Got Gas? Health Care? Go to Venezuela

8-25-05, 9:45 am



President Hugo Chávez of Venezuela is taking hateful comments from right-wing elites in the US in stride. Despite inflammatory comments by the Bush administration and the barely coherent ravings of Christian Coalition founder and former Republican presidential candidate Pat Robertson about assassinating the elected Venezuelan president, Chávez continues to express his solidarity with the people of the US who struggle for peace, democracy and social justice.

At the recent opening ceremony of the World Festival of Youth and Students, which over 700 youth from the US attended, President Chávez expressed his country’s support for US youth in the struggle for peace and democracy by personally greeting the leaders of the US delegation.

And just weeks after the Republican dominated US Congress congratulated itself and gloated in the US media for passing an Energy Bill that gives billions in tax breaks to wealthy oil companies, blocks serious development of alternative forms of energy, and promotes higher gas prices, President Chávez offered to sell gasoline in poor and working class communities in the US at lower prices.

Chávez’s announcement comes just as US government estimates indicate fuel prices rising by as much as 80 cents per gallon by next year. Despite Bush’s public relations stunt on Wednesday to give the appearance of doing something about rising costs of gas and oil, critics are skeptical that his proposed tiny fuel economy standards changes will have any impact. 'Americans should buckle up for continued pain at the pump,' said David Friedman, research director for the Clean Vehicles Program at the Union of Concerned Scientists. 'At best, the administration's approach does nothing. At worst, it creates new loopholes that increase our oil dependence.'

Venezuela’s state-owned oil company PDVSA owns Citgo, which has 14,000 gas stations in the United States. Venezuelans currently pay about 75 cents less per gallon of gas than do US car owners.

According to CNN, President Chávez told reporters in Havana, Cuba, 'We want to sell gasoline and heating fuel directly to poor communities in the United States.' Chávez was attending a graduation ceremony for medical students at Cuba’s internationally renowned Latin American Medical School, which graduated students from 28 countries, including from Venezuela.

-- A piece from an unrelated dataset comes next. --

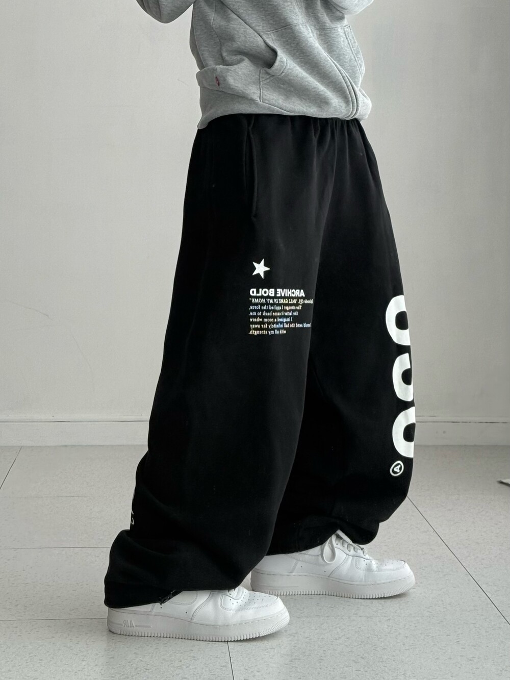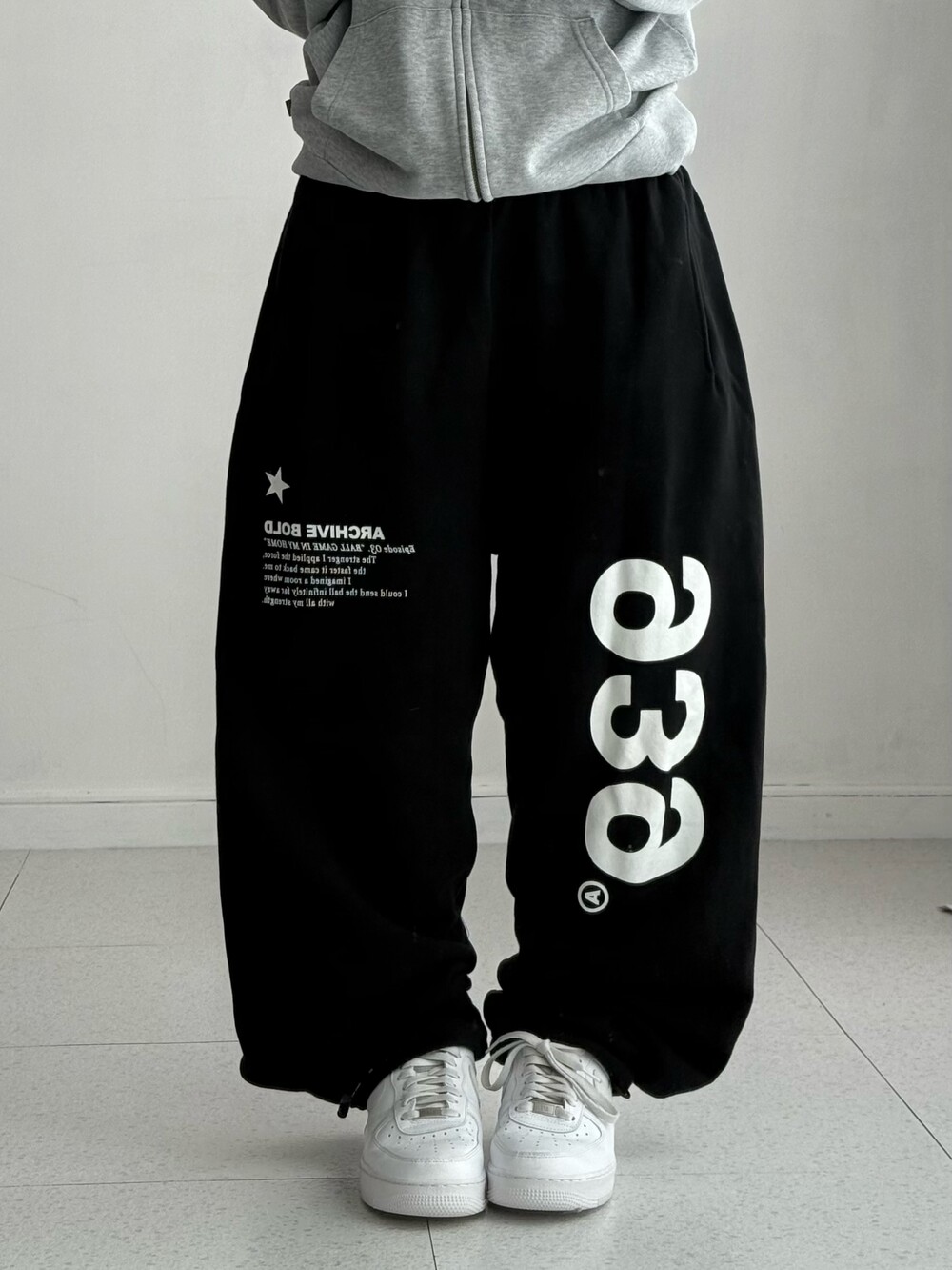 •아카이브 볼드의 블랙 코튼 팬츠 입니다. 댄서분들이 많이 착용하는 팬츠라 힙하게 연출해주시기 좋은 데일리템이에요!

Both Chávez and Cuban President Fidel Castro have also offered to give poor Americans free health care and train doctors free of charge. Currently 45 million people in the US do not have access to health insurance, and nearly 30 million more are believed to have inadequate coverage. Recent estimates published in the Washington Post show that as many as half of all bankruptcies in the US occur as a result of debt burdens related to health care costs.

In a speech delivered just weeks ago from a newly built free people’s medical clinic located in one of Caracas’ working class barrios, President Hugo Chávez extended the benefits of the Venezuelan government's health care objectives to the poor people of the US.

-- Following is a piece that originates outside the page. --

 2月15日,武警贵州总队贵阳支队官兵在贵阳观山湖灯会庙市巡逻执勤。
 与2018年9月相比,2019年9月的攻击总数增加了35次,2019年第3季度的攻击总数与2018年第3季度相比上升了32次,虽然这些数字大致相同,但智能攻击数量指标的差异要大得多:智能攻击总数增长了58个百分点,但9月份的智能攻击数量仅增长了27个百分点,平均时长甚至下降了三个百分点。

Meanwhile, Bush is planning more tax cuts for the rich, has no policy on health care, and has done nothing to create jobs, rebuild our public schools, or limit the movement of jobs overseas.

To top it off, President Chávez has been elected, re-elected, and sustained in office by large popular majorities that President Bush, whose ability to win a popular election fairly remains in doubt, can only dream about.

President Chávez’s approval rating is about 70 percent in his country. President Bush’s approval rating has sunk to 36 percent here.